Where the line containing "A close-up captures" appears in the entries below, start there and print only that line and every line after it, exactly, through the end, excluding pictures.

(Items from a data source)
+++++
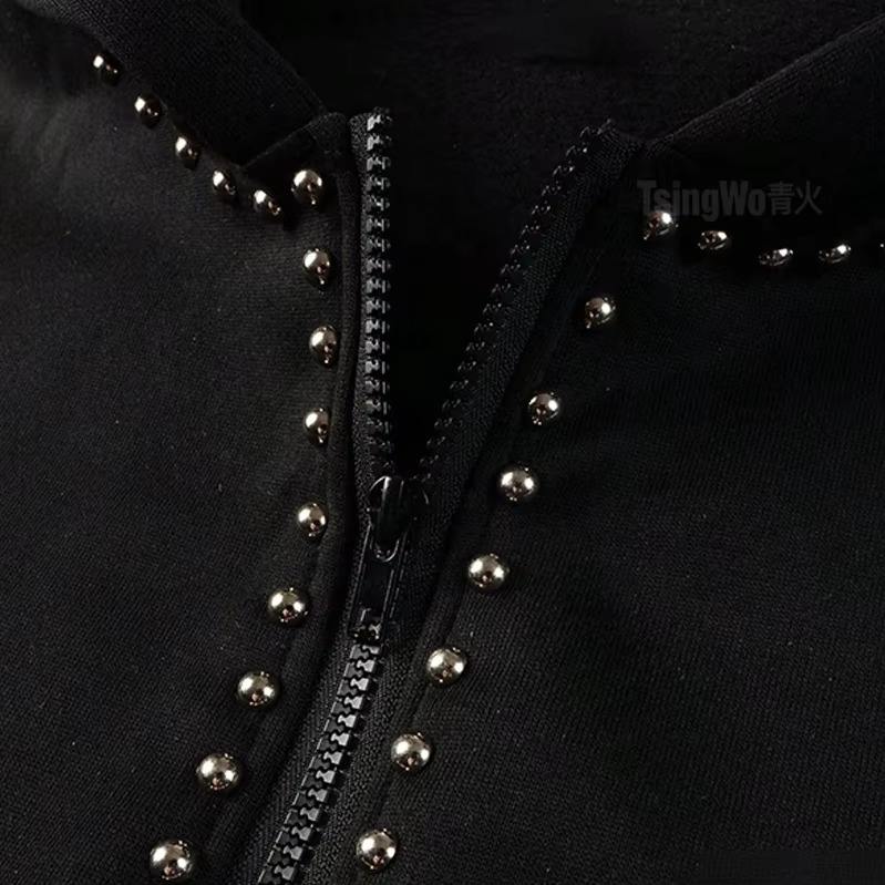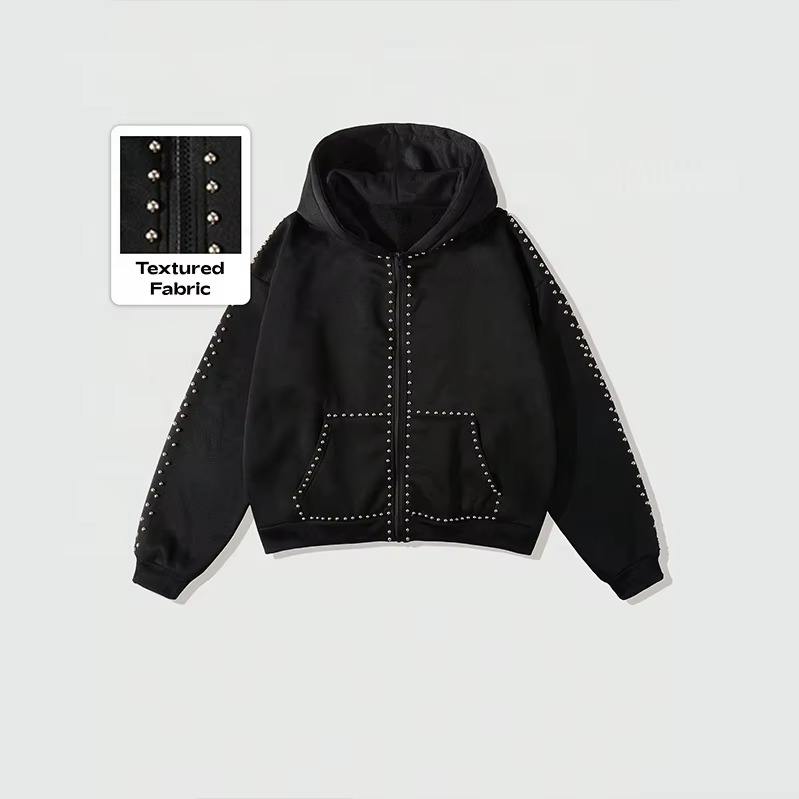Sudadera con Capucha de Lujo con Pedrería, Sudadera Personalizada con Cristales Brillantes, Colección de Invierno de Ropa Urbana Oversize, Proveedor al por Mayor
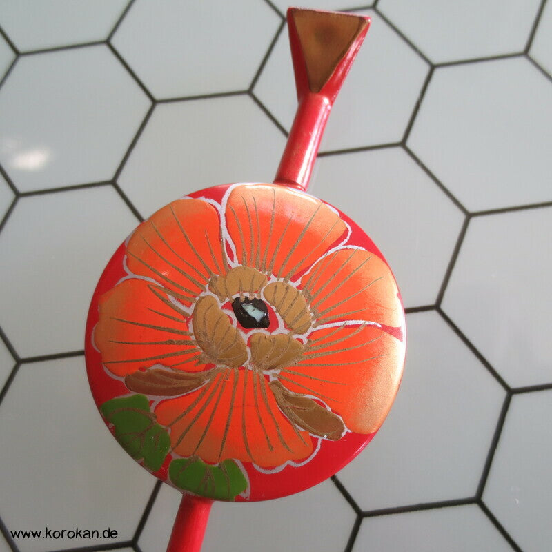Vintage handbemalter Holz Haarstab eine Seite eine Päonie, die andere Bambus, für japanische Haartrachten.
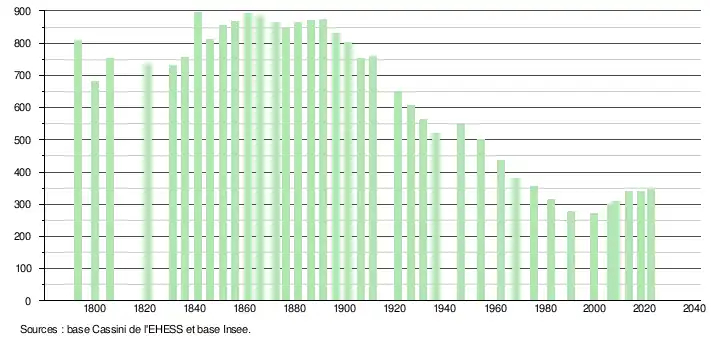 L'évolution du nombre d'habitants est connue à travers les recensements de la population effectués dans la commune depuis 1793. Pour les communes de moins de 10 000 habitants, une enquête de recensement portant sur toute la population est réalisée tous les cinq ans, les populations de référence des années intermédiaires étant quant à elles estimées par interpolation ou extrapolation[26]. Pour la commune, le premier recensement exhaustif entrant dans le cadre du nouveau dispositif a été réalisé en 2008[27].
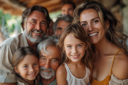 A close-up captures a multigenerational family, all smiling warmly. The image showcases various skin tones and ages, with a balanced composition. Soft lighting enhances the positive mood. Suitable for use in marketing materials and general illustrations emphasizing relationships and unity, both in commercial and editorial contexts.
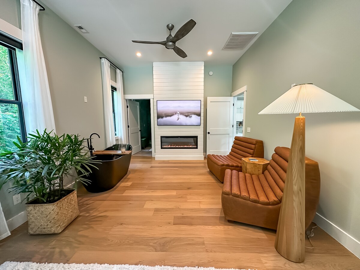 The James is a unique NEW 530 sq ft retro coastal tiny home located in a gorgeous neighborhood on James Island ◡̈ 10 mins to downtown Charleston 12 minutes to Folly Beach Walking distance to restaurants The James sleeps up to 6 people and 2 dogs (NO PET FEE) & boasts a private fenced yard & patio with an outdoor shower and Clawfoot tub! The James is ideal for solo travelers, couples, families, those traveling w/ their dog(s), those w/ limited mobility and groups of friends. #BNB-2023-02
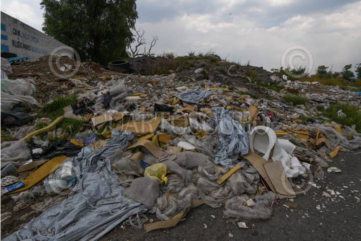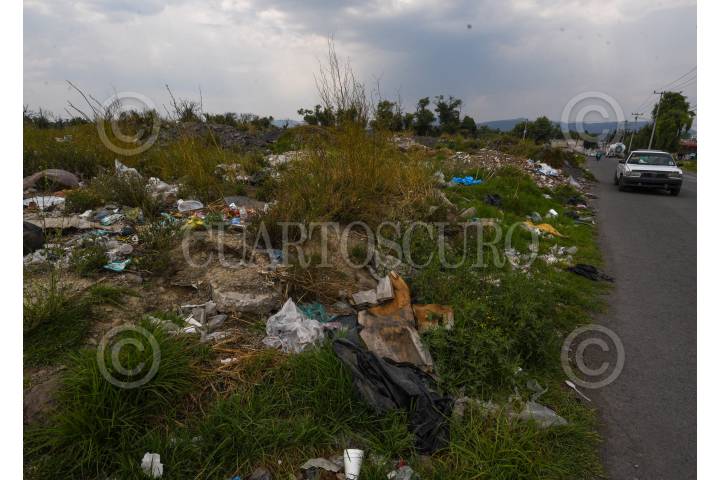 LERMA, ESTADO SE MÉXICO, 05JUNIO2024.- A un costado de la avenida Aldama en San Pedro Tultepec cerca de los humedales se ha convertido en un tiradero de escombro y basura, neumáticos y otros desperdicios. FOTO: CRISANTA ESPINOSA AGUILAR /CUARTOSCURO.COM
+++++
Answer section |
 A close-up captures a multigenerational family, all smiling warmly. The image showcases various skin tones and ages, with a balanced composition. Soft lighting enhances the positive mood. Suitable for use in marketing materials and general illustrations emphasizing relationships and unity, both in commercial and editorial contexts.
 The James is a unique NEW 530 sq ft retro coastal tiny home located in a gorgeous neighborhood on James Island ◡̈ 10 mins to downtown Charleston 12 minutes to Folly Beach Walking distance to restaurants The James sleeps up to 6 people and 2 dogs (NO PET FEE) & boasts a private fenced yard & patio with an outdoor shower and Clawfoot tub! The James is ideal for solo travelers, couples, families, those traveling w/ their dog(s), those w/ limited mobility and groups of friends. #BNB-2023-02
 LERMA, ESTADO SE MÉXICO, 05JUNIO2024.- A un costado de la avenida Aldama en San Pedro Tultepec cerca de los humedales se ha convertido en un tiradero de escombro y basura, neumáticos y otros desperdicios. FOTO: CRISANTA ESPINOSA AGUILAR /CUARTOSCURO.COM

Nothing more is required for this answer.